Problem to solve: Images do not belong in the copy. Retype all the entries below exactly.

===== Exercise inputs

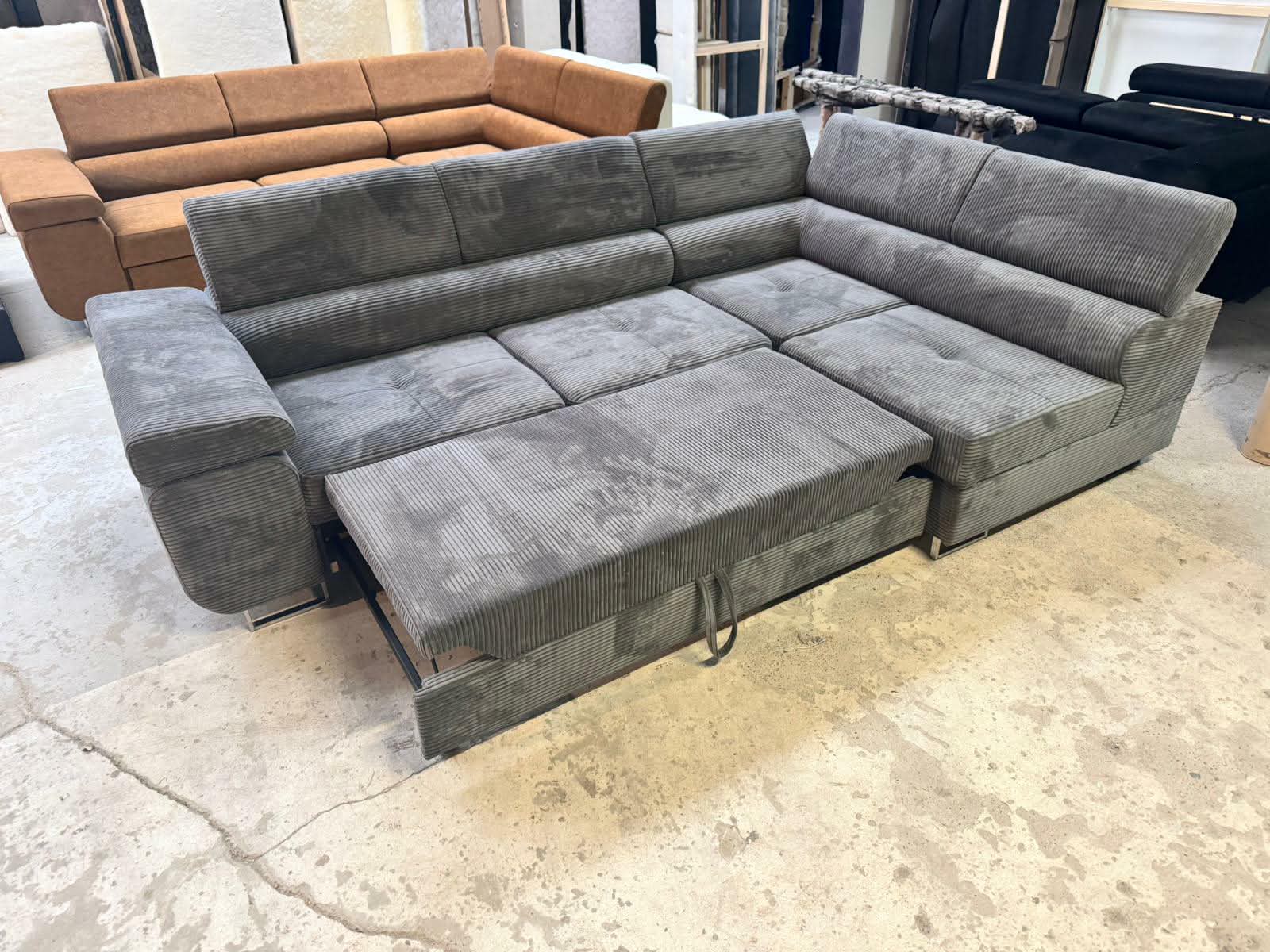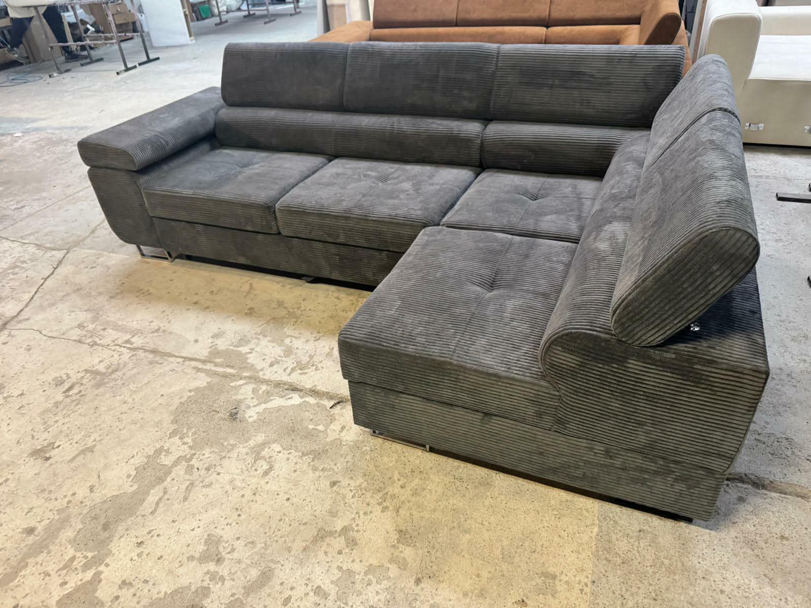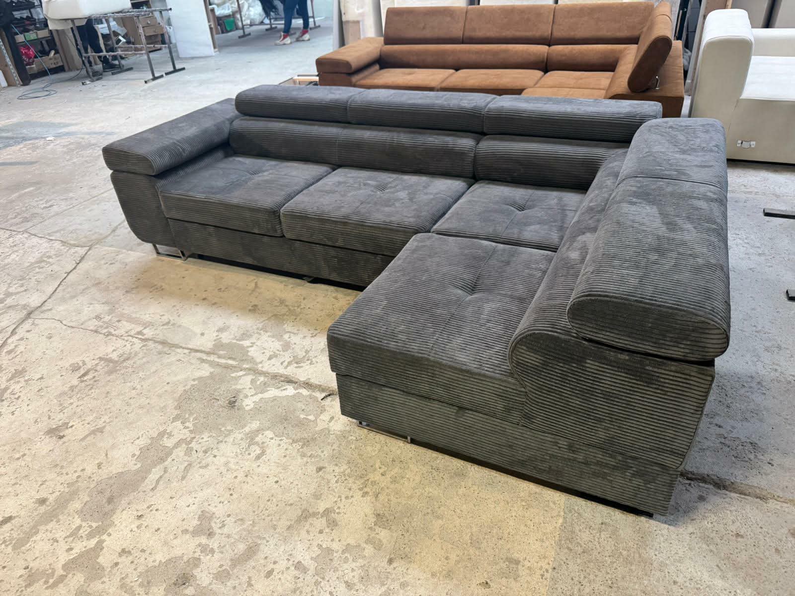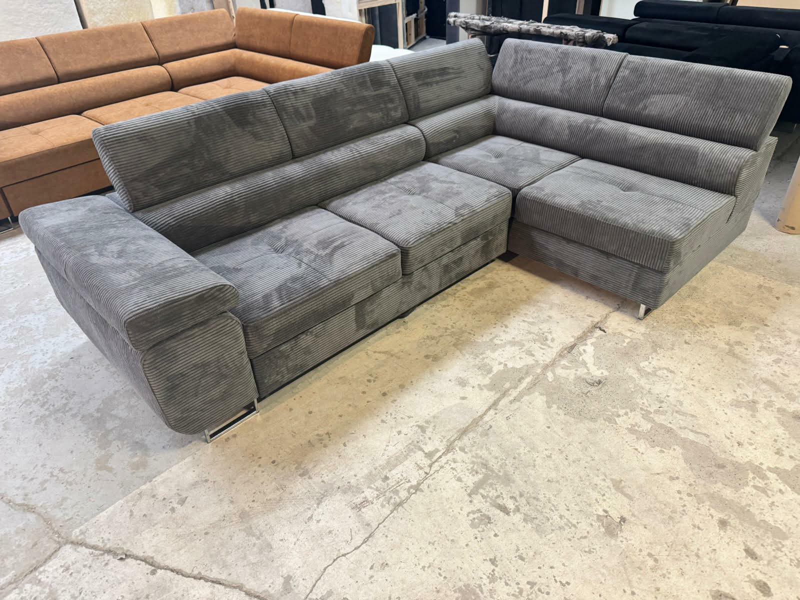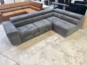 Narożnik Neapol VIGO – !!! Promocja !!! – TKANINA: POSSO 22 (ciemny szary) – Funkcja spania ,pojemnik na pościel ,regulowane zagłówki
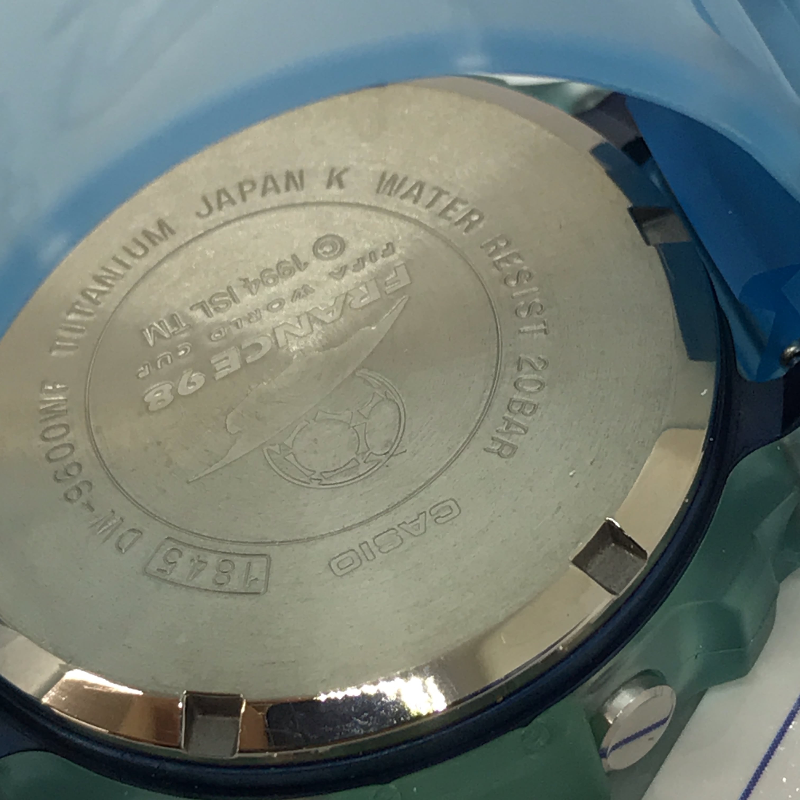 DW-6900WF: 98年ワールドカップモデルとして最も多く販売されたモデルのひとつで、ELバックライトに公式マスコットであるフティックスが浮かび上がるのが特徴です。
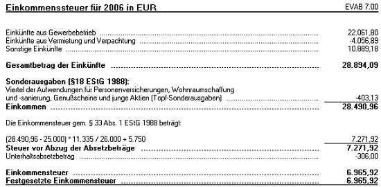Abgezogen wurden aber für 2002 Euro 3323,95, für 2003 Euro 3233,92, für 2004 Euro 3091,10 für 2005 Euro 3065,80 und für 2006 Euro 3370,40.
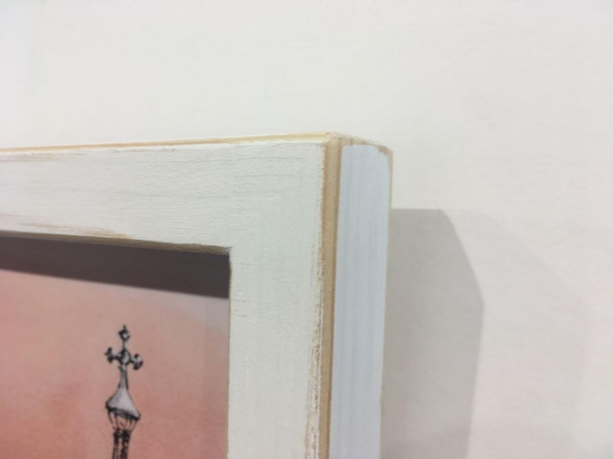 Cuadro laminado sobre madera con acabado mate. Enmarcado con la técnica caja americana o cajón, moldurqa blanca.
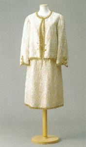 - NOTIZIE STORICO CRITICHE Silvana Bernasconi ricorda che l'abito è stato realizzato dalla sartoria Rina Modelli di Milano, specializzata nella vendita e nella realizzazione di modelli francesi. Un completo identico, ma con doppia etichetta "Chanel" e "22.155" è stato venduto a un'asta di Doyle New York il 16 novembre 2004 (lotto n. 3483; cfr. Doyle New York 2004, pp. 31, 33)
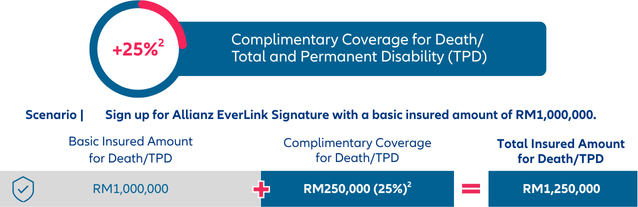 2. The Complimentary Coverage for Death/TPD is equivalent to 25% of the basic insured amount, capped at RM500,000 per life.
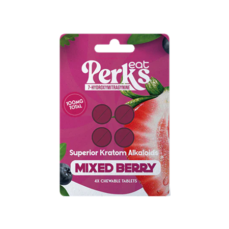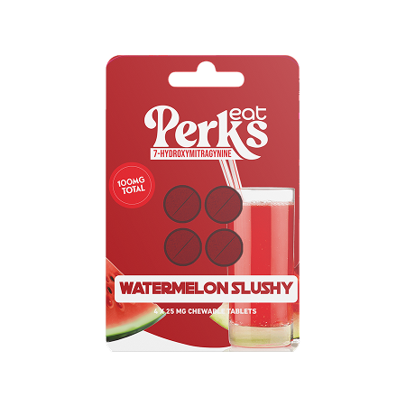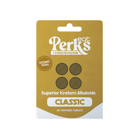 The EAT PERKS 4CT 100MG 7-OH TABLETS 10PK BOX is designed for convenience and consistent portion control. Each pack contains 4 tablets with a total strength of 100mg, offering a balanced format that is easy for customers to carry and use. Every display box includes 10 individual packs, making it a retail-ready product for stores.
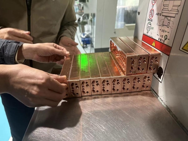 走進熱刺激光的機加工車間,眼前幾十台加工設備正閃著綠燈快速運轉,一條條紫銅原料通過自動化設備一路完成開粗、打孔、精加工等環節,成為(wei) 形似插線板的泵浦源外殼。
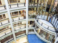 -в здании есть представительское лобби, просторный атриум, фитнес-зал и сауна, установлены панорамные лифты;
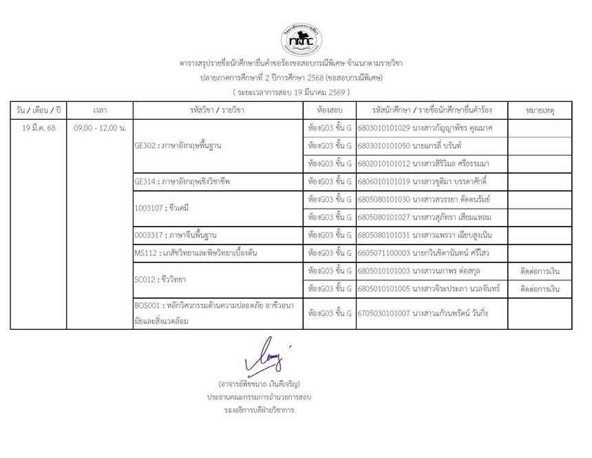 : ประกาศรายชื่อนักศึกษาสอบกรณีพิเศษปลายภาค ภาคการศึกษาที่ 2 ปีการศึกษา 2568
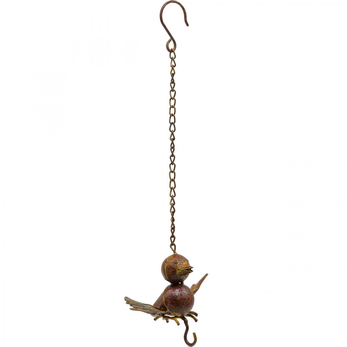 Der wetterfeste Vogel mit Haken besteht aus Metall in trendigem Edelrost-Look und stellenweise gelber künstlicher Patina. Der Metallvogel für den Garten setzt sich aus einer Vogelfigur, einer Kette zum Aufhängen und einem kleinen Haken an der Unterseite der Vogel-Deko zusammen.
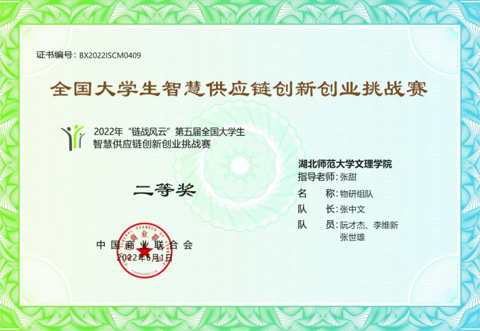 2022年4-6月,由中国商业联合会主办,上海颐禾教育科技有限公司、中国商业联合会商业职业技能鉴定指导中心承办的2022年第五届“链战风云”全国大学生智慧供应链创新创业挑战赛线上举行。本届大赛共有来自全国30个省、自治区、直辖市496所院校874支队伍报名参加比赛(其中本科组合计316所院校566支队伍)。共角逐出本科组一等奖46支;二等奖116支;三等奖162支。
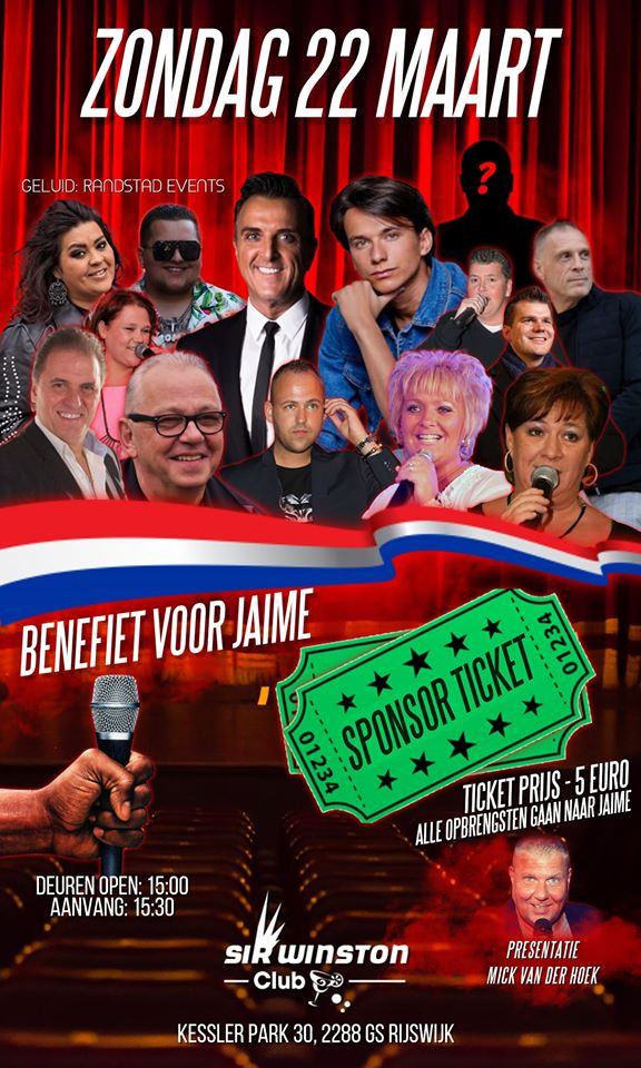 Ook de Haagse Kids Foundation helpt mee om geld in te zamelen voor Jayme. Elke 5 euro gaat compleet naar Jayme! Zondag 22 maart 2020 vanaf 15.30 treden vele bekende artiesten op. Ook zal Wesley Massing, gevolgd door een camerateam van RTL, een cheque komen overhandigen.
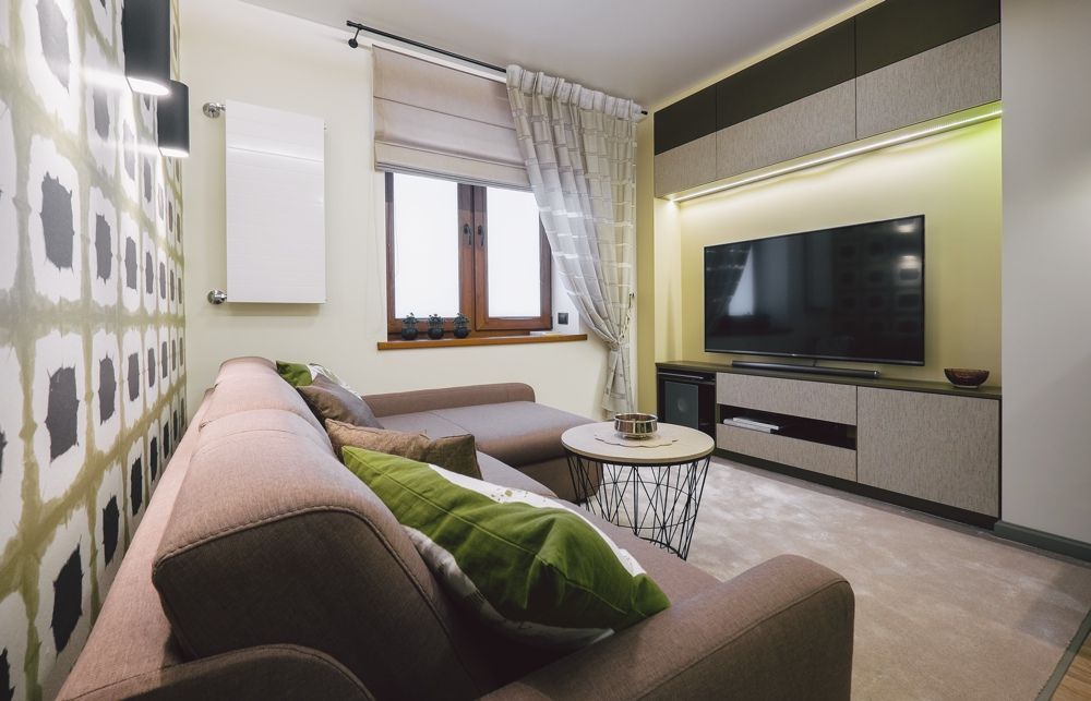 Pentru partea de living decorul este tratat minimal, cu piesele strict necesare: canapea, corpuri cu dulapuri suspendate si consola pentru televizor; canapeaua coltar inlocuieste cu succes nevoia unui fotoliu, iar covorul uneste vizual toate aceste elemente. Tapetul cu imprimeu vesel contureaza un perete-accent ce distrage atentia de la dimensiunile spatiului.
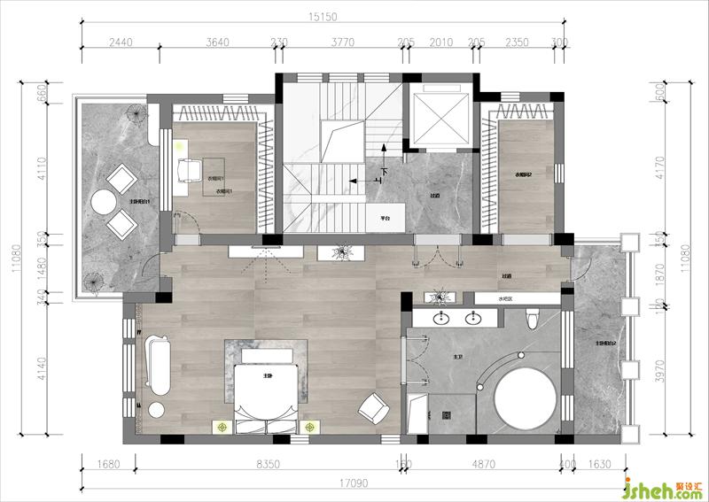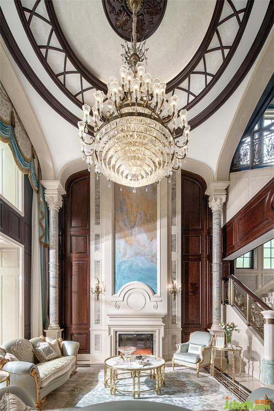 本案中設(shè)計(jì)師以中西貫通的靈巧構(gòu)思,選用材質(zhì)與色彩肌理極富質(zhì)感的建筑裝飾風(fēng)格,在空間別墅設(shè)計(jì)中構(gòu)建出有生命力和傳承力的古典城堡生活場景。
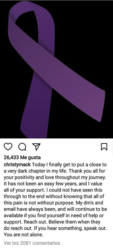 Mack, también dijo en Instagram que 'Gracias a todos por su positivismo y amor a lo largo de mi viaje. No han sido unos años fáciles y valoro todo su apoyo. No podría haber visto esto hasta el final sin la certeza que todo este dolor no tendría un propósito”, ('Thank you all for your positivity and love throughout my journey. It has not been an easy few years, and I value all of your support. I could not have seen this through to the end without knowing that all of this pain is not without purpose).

==========

Written response:
 Narożnik Neapol VIGO – !!! Promocja !!! – TKANINA: POSSO 22 (ciemny szary) – Funkcja spania ,pojemnik na pościel ,regulowane zagłówki
 DW-6900WF: 98年ワールドカップモデルとして最も多く販売されたモデルのひとつで、ELバックライトに公式マスコットであるフティックスが浮かび上がるのが特徴です。
Abgezogen wurden aber für 2002 Euro 3323,95, für 2003 Euro 3233,92, für 2004 Euro 3091,10 für 2005 Euro 3065,80 und für 2006 Euro 3370,40.
 Cuadro laminado sobre madera con acabado mate. Enmarcado con la técnica caja americana o cajón, moldurqa blanca.
 - NOTIZIE STORICO CRITICHE Silvana Bernasconi ricorda che l'abito è stato realizzato dalla sartoria Rina Modelli di Milano, specializzata nella vendita e nella realizzazione di modelli francesi. Un completo identico, ma con doppia etichetta "Chanel" e "22.155" è stato venduto a un'asta di Doyle New York il 16 novembre 2004 (lotto n. 3483; cfr. Doyle New York 2004, pp. 31, 33)
 2. The Complimentary Coverage for Death/TPD is equivalent to 25% of the basic insured amount, capped at RM500,000 per life.
 The EAT PERKS 4CT 100MG 7-OH TABLETS 10PK BOX is designed for convenience and consistent portion control. Each pack contains 4 tablets with a total strength of 100mg, offering a balanced format that is easy for customers to carry and use. Every display box includes 10 individual packs, making it a retail-ready product for stores.
 走進熱刺激光的機加工車間,眼前幾十台加工設備正閃著綠燈快速運轉,一條條紫銅原料通過自動化設備一路完成開粗、打孔、精加工等環節,成為(wei) 形似插線板的泵浦源外殼。
 -в здании есть представительское лобби, просторный атриум, фитнес-зал и сауна, установлены панорамные лифты;
 : ประกาศรายชื่อนักศึกษาสอบกรณีพิเศษปลายภาค ภาคการศึกษาที่ 2 ปีการศึกษา 2568
 Der wetterfeste Vogel mit Haken besteht aus Metall in trendigem Edelrost-Look und stellenweise gelber künstlicher Patina. Der Metallvogel für den Garten setzt sich aus einer Vogelfigur, einer Kette zum Aufhängen und einem kleinen Haken an der Unterseite der Vogel-Deko zusammen.
 2022年4-6月,由中国商业联合会主办,上海颐禾教育科技有限公司、中国商业联合会商业职业技能鉴定指导中心承办的2022年第五届“链战风云”全国大学生智慧供应链创新创业挑战赛线上举行。本届大赛共有来自全国30个省、自治区、直辖市496所院校874支队伍报名参加比赛(其中本科组合计316所院校566支队伍)。共角逐出本科组一等奖46支;二等奖116支;三等奖162支。
 Ook de Haagse Kids Foundation helpt mee om geld in te zamelen voor Jayme. Elke 5 euro gaat compleet naar Jayme! Zondag 22 maart 2020 vanaf 15.30 treden vele bekende artiesten op. Ook zal Wesley Massing, gevolgd door een camerateam van RTL, een cheque komen overhandigen.
 Pentru partea de living decorul este tratat minimal, cu piesele strict necesare: canapea, corpuri cu dulapuri suspendate si consola pentru televizor; canapeaua coltar inlocuieste cu succes nevoia unui fotoliu, iar covorul uneste vizual toate aceste elemente. Tapetul cu imprimeu vesel contureaza un perete-accent ce distrage atentia de la dimensiunile spatiului.
 本案中設(shè)計(jì)師以中西貫通的靈巧構(gòu)思,選用材質(zhì)與色彩肌理極富質(zhì)感的建筑裝飾風(fēng)格,在空間別墅設(shè)計(jì)中構(gòu)建出有生命力和傳承力的古典城堡生活場景。
 Mack, también dijo en Instagram que 'Gracias a todos por su positivismo y amor a lo largo de mi viaje. No han sido unos años fáciles y valoro todo su apoyo. No podría haber visto esto hasta el final sin la certeza que todo este dolor no tendría un propósito”, ('Thank you all for your positivity and love throughout my journey. It has not been an easy few years, and I value all of your support. I could not have seen this through to the end without knowing that all of this pain is not without purpose).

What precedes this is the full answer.